Beyond a focus upon voice-related distress, recovery has also been identified as an important outcome to determine the impact of voice hearing experiences on broader life domains [11, 22–24]. Subjective recovery appeared to have significant cross-sectional associations with emotional distress and two voice-related factors (distress/negative content/disruption, control/volume/disruption) [25]. This suggests that there is a potential interplay between voice characteristics, voice-related distress, subjective recovery and emotional distress. Therefore, it is imperative to identify and better understand candidate processes that can hinder recovery and be involved in the development and maintenance of voice-related distress, which could be targeted by cognitive behavioural interventions.
Network modelling is a relatively new approach in psychopathology and proposes that symptoms are mutually interacting [26–28]. This approach can be used to examine interrelations and to identify central and bridge symptoms that are considered the most influential and can maintain psychopathology. Central symptoms refer to nodes that are strongly connected to other symptoms in the network, while bridge symptoms refer to those that connect different clusters of symptoms [27]. To date, very few studies have used this method to explore voice hearing [15, 29–31]. Network modelling can be used to examine dynamic interrelations and identify key processes that can be targeted in cognitive behavioural interventions for distressing voices, with the aim of improving outcomes. While the variables used in the study (e.g., depression, voice characteristics) are derived from latent variable modelling, this method addresses limitations of traditional approaches by moving away from implicit assumptions of an underlying common cause and considering the dynamic interplay of variables [26–28]. In the present study, this method was applied to address the following research questions:
- What are the interrelations between the negative impact of voices, characteristics of voices, anxiety, depression and subjective recovery before and after cognitive behavioural interventions for distressing voices?
- What variables could be targeted by interventions to enhance therapeutic benefits, considering the presence of a central connecting point between different outcome variables and thus likely to influence outcomes when targeted?
Methods
Design
This is an uncontrolled, two-point longitudinal design comparing interrelation between outcomes pre and post intervention. Data were collected from a specialised service for the psychological treatment of distressing voices, based in Sussex, UK. The Sussex Voices Clinic (SVC) offers psychological interventions to service users from Sussex Partnership NHS Foundation Trust, who are distressed by their voices (https://www.sussexpartnership.nhs.uk/our-research/mental-health-dementia-research/research-clinics/sussex-voices-clinic). These include brief interventions delivered by mental health practitioners (Coping Strategy Enhancement [CSE] [32–34] and guided self-help Cognitive Behavioural Therapy for voices [GiVE] [35, 36]) and interventions delivered by Clinical Psychologists (Relating Therapy [37] and Person-Based Cognitive Therapy [PBCT] [38, 39]) (More information can be seen in Table S1).

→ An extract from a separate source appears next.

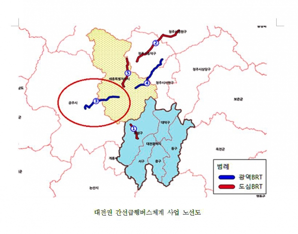 시에 따르면, 공주~세종 광역BRT 사업은 공주 산성동 시내버스터미널에서 세종시 6-2생활권인 한별리까지 구간을 잇는 간선급행버스체계로 오는 2025년 운행을 목표로 추진 중이다.

Prior to July 2019, service users first received CSE (Level 1) and, if wanting and needing further intervention, they were offered one of the following cognitive-behavioural interventions (Level 2): GiVE, Relating Therapy or PBCT. Assessments were conducted by Research Assistants at pre-Level 1, post-Level 1 and post-Level 2. Since July 2019, post-intervention has been collected at a single post-intervention timepoint, regardless of the levels of the intervention pathway. For study purposes, post-Level 1 data collected prior to July 2019 were selected if participants completed only Level 1 of the intervention pathway and had also completed assessments, and post-Level 2 data were selected if participants completed all levels of the intervention pathway as well as completing assessments.
Sample
The sample consisted of service users from the SVC that received therapies between April 2014 and December 2022. Prior to November 2016, service users were eligible if they scored at least 4 on item 3 (“hallucinatory behaviour”) of the Positive and Negative Syndrome Scale (PANSS) [40], and at least 3 on either item 8 (“amount of voice-related distress) or item 9 (“intensity of voice-related distress”) of the Psychotic Syndrome Rating Scales – Auditory Hallucinations (PSYRATS-AH) [41]. Since then, the SVC requires a score of at least 8 on the Hamilton Program for Schizophrenia Voices Questionnaire (HPSVQ) [42].
Measures
Participants were asked to complete assessments within 4 weeks prior to commencing the intervention(s) and within 4 weeks following completion of the intervention(s). This involved meeting either online or face-to-face with Research Assistants to complete assessments.
Hamilton program for schizophrenia voice questionnaire (HPSVQ) [42]
The HPSVQ is a 9-item self-report measure of voice hearing. All items are rated on a 5-point rating scale from least (0) to most severe (4). The negative impact subscale consists of items 2 (negative content), 5 (beliefs re: origin), 6 (distress) and 7 (self-appraisal impact), whilst the physical characteristics subscale consists of items 1 (frequency), 3 (loudness), 4 (duration) 8 (clarity) and 9 (obey commands). Total scores are obtained by summing the relevant items that correspond to each subscale.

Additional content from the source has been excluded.